1985 personal computer

The Amiga 1000, also known as the A1000, is the first personal computer released by Commodore International in the Amiga line. It combines the 16/32-bit Motorola 68000 CPU which was powerful by 1985 standards with one of the most advanced graphics and sound systems in its class. It runs a preemptive multitasking operating system that fits into 256 KB of read-only memory and was shipped with 256 KB of RAM. The primary memory can be expanded internally with a manufacturer-supplied 256 KB module for a total of 512 KB of RAM. Using the external slot the primary memory can be expanded up to 8.5 MB.

== Design ==
The A1000 has a number of characteristics that distinguish it from later Amiga models: It is the only model to feature the short-lived Amiga check-mark logo on its case, the majority of the case is elevated slightly to give a storage area for the keyboard when not in use (a "keyboard garage"), and the inside of the case is engraved with the signatures of the Amiga designers (similar to the Macintosh); including Jay Miner and the paw print of his dog Mitchy. The A1000's case was designed by Howard Stolz. As Senior Industrial Designer at Commodore, Stolz was the mechanical lead and primary interface with Sanyo in Japan, the contract manufacturer for the A1000 casing.

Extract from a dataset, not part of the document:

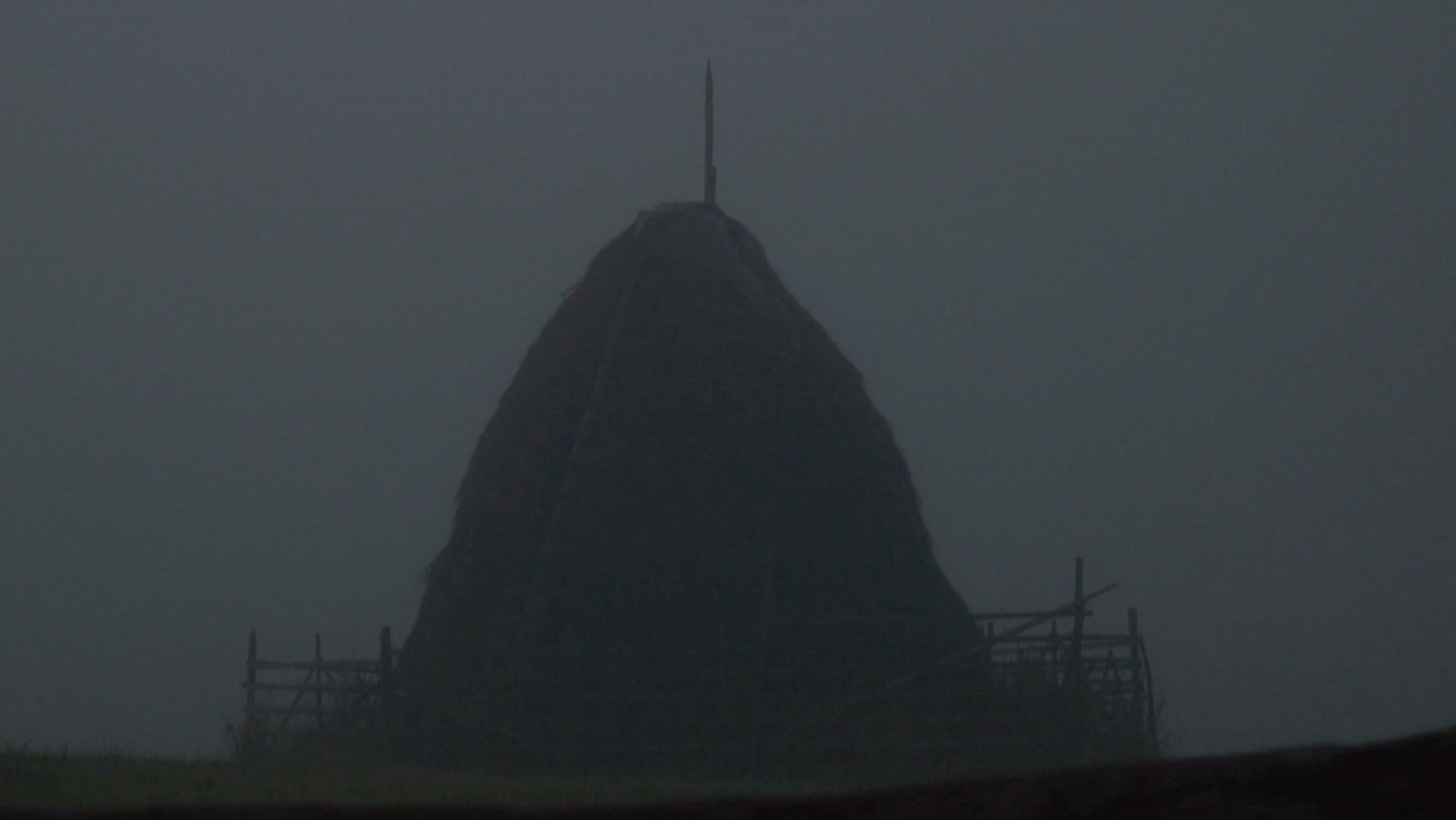 The complexity of this exhibition [Trouble with Realism] and its mental correlations might best be condensed in this short video by Ulrich Polster. For a few minutes we see, greetings from Claude Monet, a heystack. Wether we are looking at a freeze frame or a cinematic shot is hard to tell. One thinks to observe how haze scraps are slightly moving, but this might be as well an illusion. This reference to art history is broken up by the title of this work: Bosnia and Herzegovina (Han Pijesak, Republika Srpska, 07.08.2007).

The Amiga 1000 was manufactured in two variations: One uses the NTSC television standard and the other uses the PAL television standard. The NTSC variant was the initial model manufactured and sold in North America. The later PAL model was manufactured in Germany and sold in countries using the PAL television standard. The first NTSC systems lack the EHB video mode which is present in all later Amiga models.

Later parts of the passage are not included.